> [Exercise requirements] Repeat exactly the lines of the entries below from the one with "シンプルで使い勝手の良いコッ" through the one with "Men'sVintage American Flag", both ends included, and nothing else.
[Records for the exercise Boundary: Start]
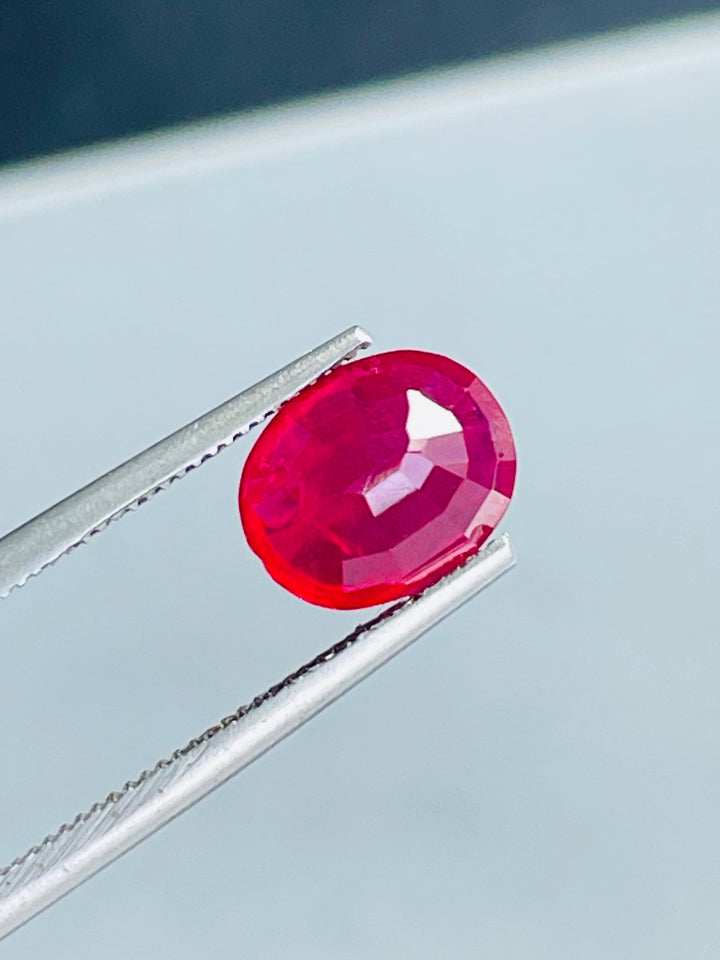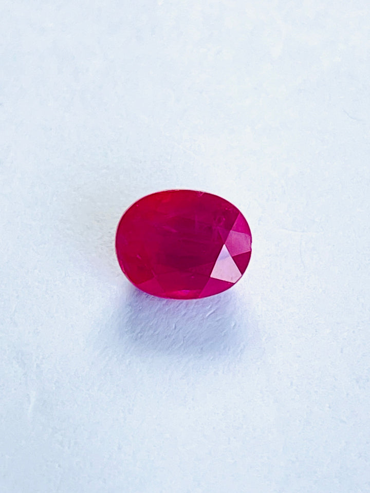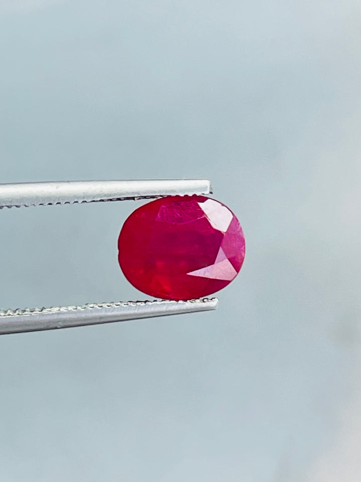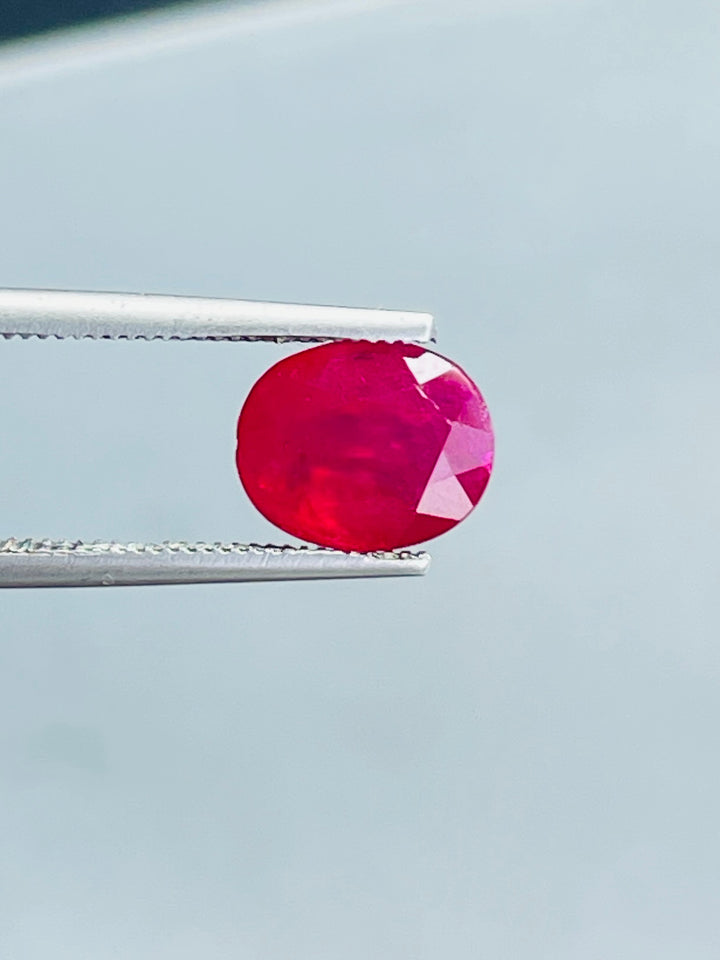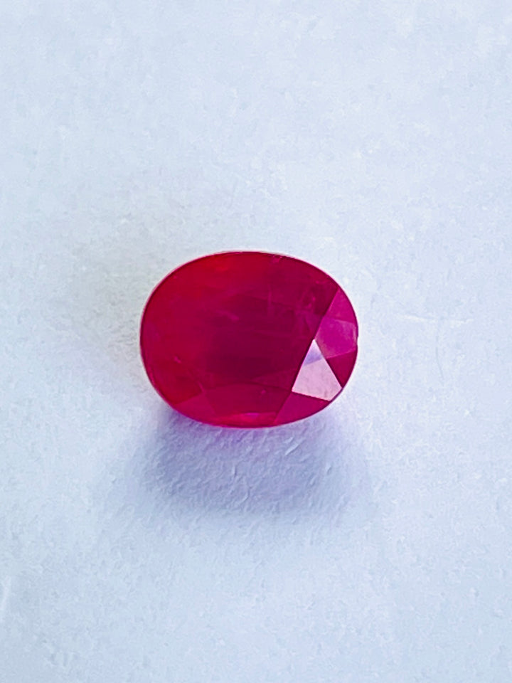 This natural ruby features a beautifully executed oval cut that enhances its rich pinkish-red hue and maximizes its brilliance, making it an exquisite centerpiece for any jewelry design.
[Records for the exercise Boundary: End]
[Records for the exercise Boundary: Start]
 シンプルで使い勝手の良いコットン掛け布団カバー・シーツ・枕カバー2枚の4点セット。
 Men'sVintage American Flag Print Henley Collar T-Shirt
[Records for the exercise Boundary: End]
[Records for the exercise Boundary: Start]
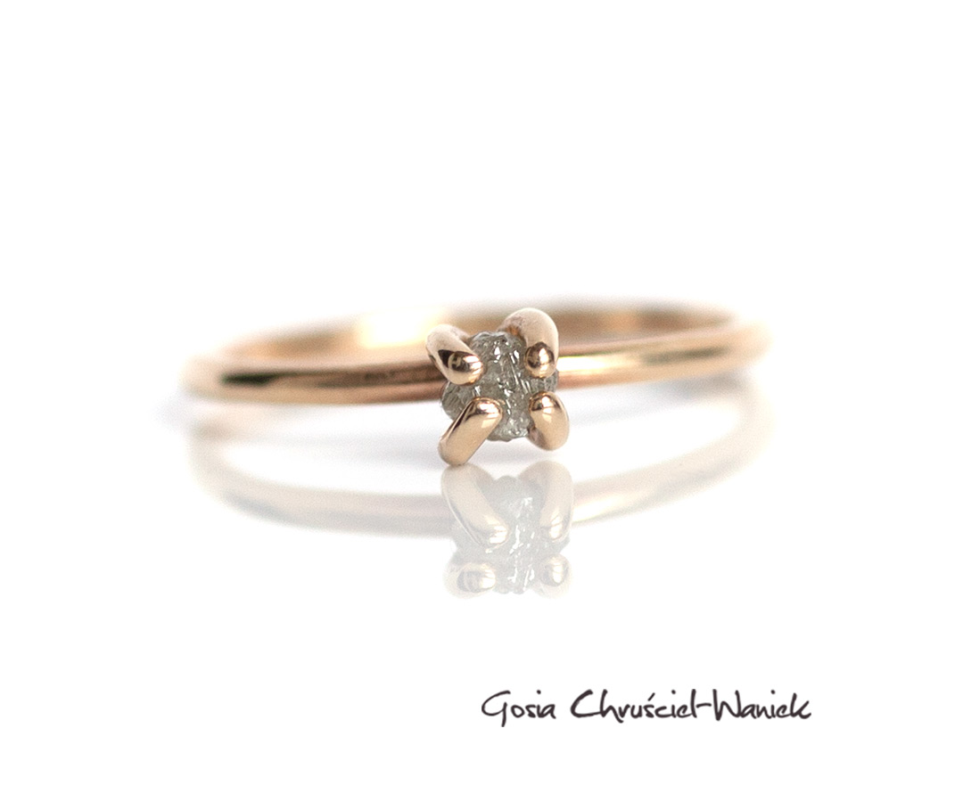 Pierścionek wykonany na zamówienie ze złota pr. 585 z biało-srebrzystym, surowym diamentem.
[Records for the exercise Boundary: End]
> [Reply]
 シンプルで使い勝手の良いコットン掛け布団カバー・シーツ・枕カバー2枚の4点セット。
 Men'sVintage American Flag Print Henley Collar T-Shirt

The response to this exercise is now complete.